Data records:
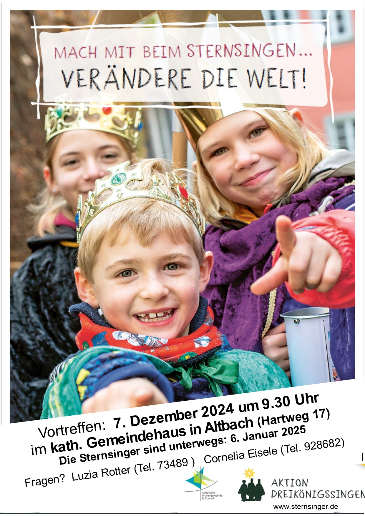 Vortreffen für alle Sternsingerinnen und Sternsinger ist am Samstag 14. 12. um 14 Uhr im katholischen Gemeindehaus in Deizisau (Kirchstraße 30).
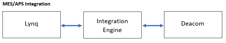 The integration engine handles mapping of Deacom API information to the MES/APS API, and vice versa.
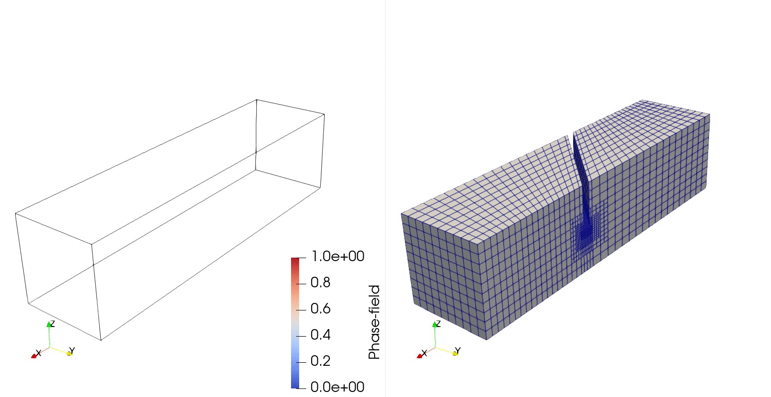 Fig 2. Crack propagation inside a concrete beam under torsion. The crack surface represented by the phase-field is non-planar.
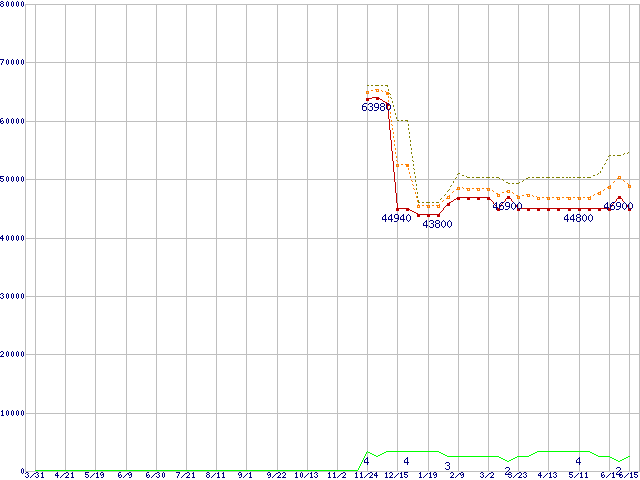 | Xeon E5310(1.60GHz)の価格推移 | | | (2006年3月31日~2007年6月15日) |
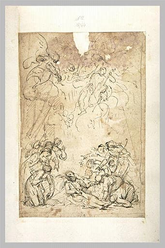 scène (saint François Xavier, mort, crucifix, Indien, arc, carquois, ange : musicien, violon, violoncelle)
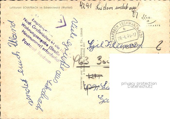 72526718 alte Postkarte Schapbach Ortsansicht mit Kirche Luftkurort im Schwarzwald postalisch gelaufen Erhaltung siehe scans KatCode: 11110008237075
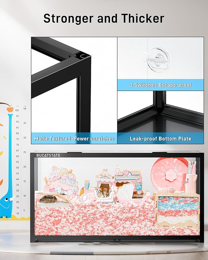 - 【Chew-proof & Sturdy Hamster Tank】Made with thickened clear acrylic panels and a chew-proof metal frame, this dwarf hamster cage is perfect for keeping your little escape artist safe. Four clear-view windows allow you to easily spot your pet at any time.
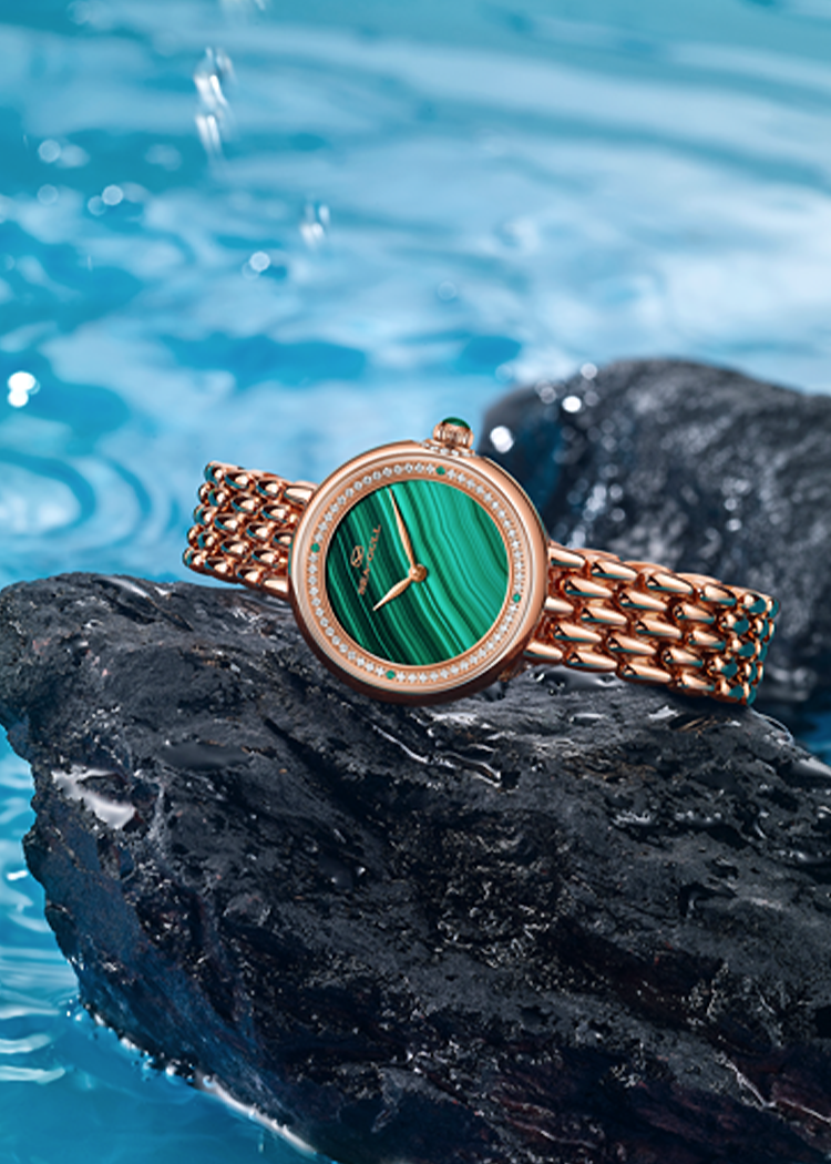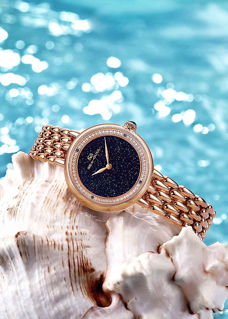 With ever-shifting nacre dial resembling the northern lights, a prismatic halo materializes under the sun's rays. As if rainbows graced the wrist.
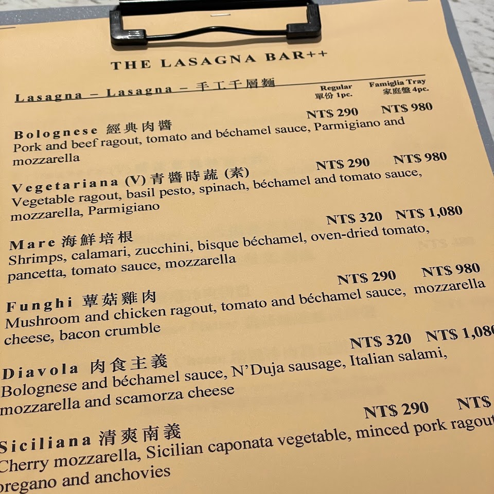 2024最新在地推薦餐廳的菜單_The Lasagna Bar 千層吧(天母店)的菜單、圖片
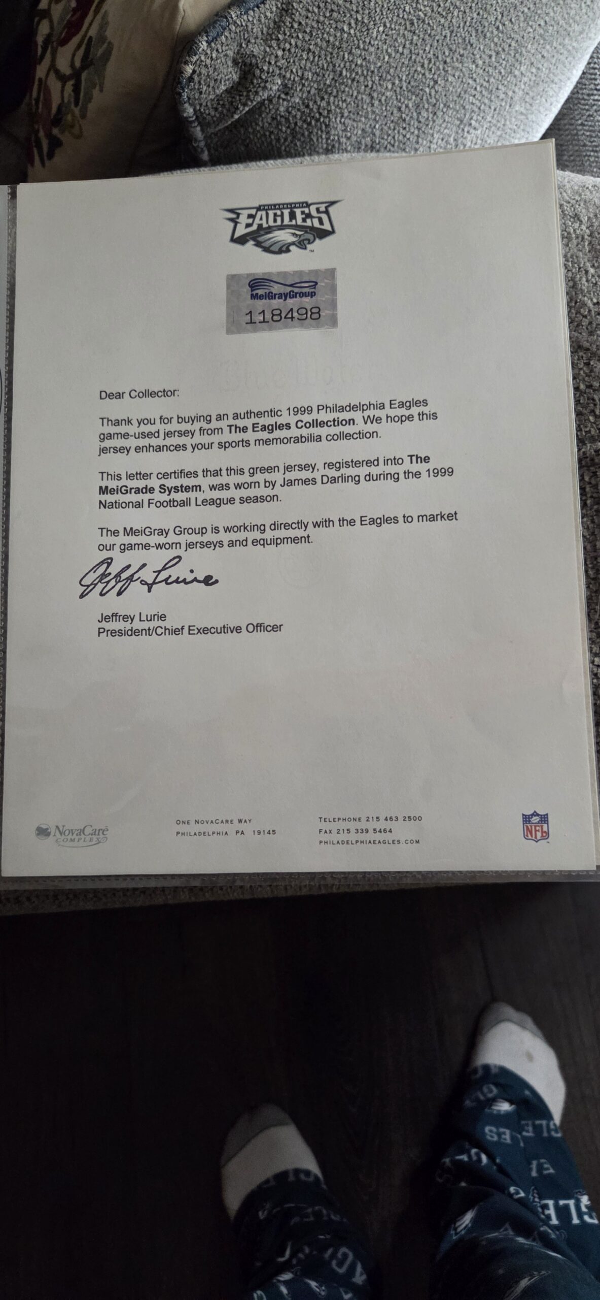 PHILADELPHIA EAGLES James Darling #57 green mesh , size 50 , 6″ LB Puma 1999 $350
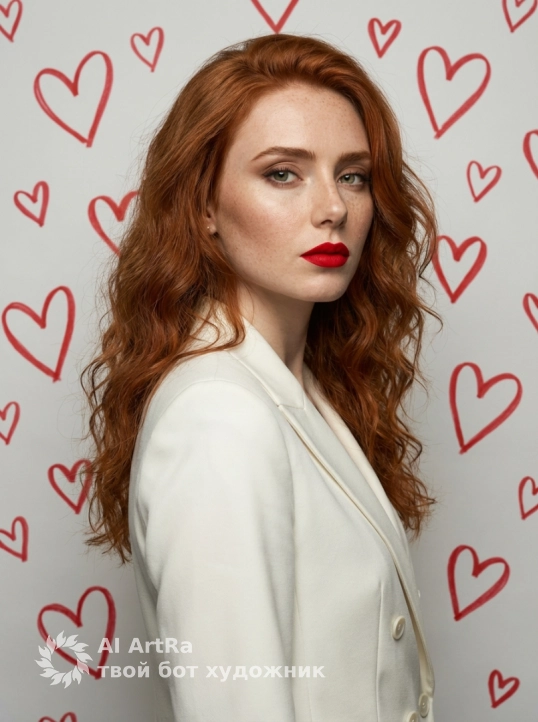 Портрет молодой девушки в профиль на светло-сером фоне с нарисованными красными сердцами. Она стоит вполоборота вправо, её корпус развернут на три четверти, голова слегка наклонена к правому плечу, взгляд направлен прямо в камеру. Губы плотно сомкнуты, накрашены матовой помадой насыщенного алого цвета (#FF0000), выражение лица спокойное, задумчивое. Кожа имеет бархатистую, матовую текстуру с легким естественным сиянием на скулах и переносице. волосы уложены крупными волнами, спадают на спину и левое плечо; отдельные пряди имеют четкую структуру и легкий блеск. Девушка одета в приталенный двубортный жакет молочно-белого цвета (#F5F5F1) из плотной костюмной ткани с выраженной мелкой фактурой переплетения нитей. На жакете виден острый лацкан и прорезной карман с клапаном внизу. Обеими руками, согнутыми в локтях перед собой, она держит пучок из тонких красных атласных лент, уходящих вверх к связке из пяти крупных глянцевых воздушных шаров в форме сердец насыщенного кроваво-красного цвета. Шары имеют четкие белые блики от студийного софтбокса, подчеркивающие их гладкую латексную поверхность. Фон украшен множеством графичных сердец разного размера, нарисованных небрежными мазками красного маркера. Освещение мягкое, фронтально-боковое, создающее плавный градиент теней на одежде и лице. Постобработка включает деликатную ретушь, высокую четкость деталей и чистую цветокоррекцию с акцентом на контраст белого и красного. Глубина резкости средняя: модель и шары в фокусе, фон слегка смягчен.

Your instructions:
Above are the records. Copy only the lines from the one with "- 【Chew-proof &" through the one with "PHILADELPHIA EAGLES James", exactly, with no pictures.

Response area:
 - 【Chew-proof & Sturdy Hamster Tank】Made with thickened clear acrylic panels and a chew-proof metal frame, this dwarf hamster cage is perfect for keeping your little escape artist safe. Four clear-view windows allow you to easily spot your pet at any time.
 With ever-shifting nacre dial resembling the northern lights, a prismatic halo materializes under the sun's rays. As if rainbows graced the wrist.
 2024最新在地推薦餐廳的菜單_The Lasagna Bar 千層吧(天母店)的菜單、圖片
 PHILADELPHIA EAGLES James Darling #57 green mesh , size 50 , 6″ LB Puma 1999 $350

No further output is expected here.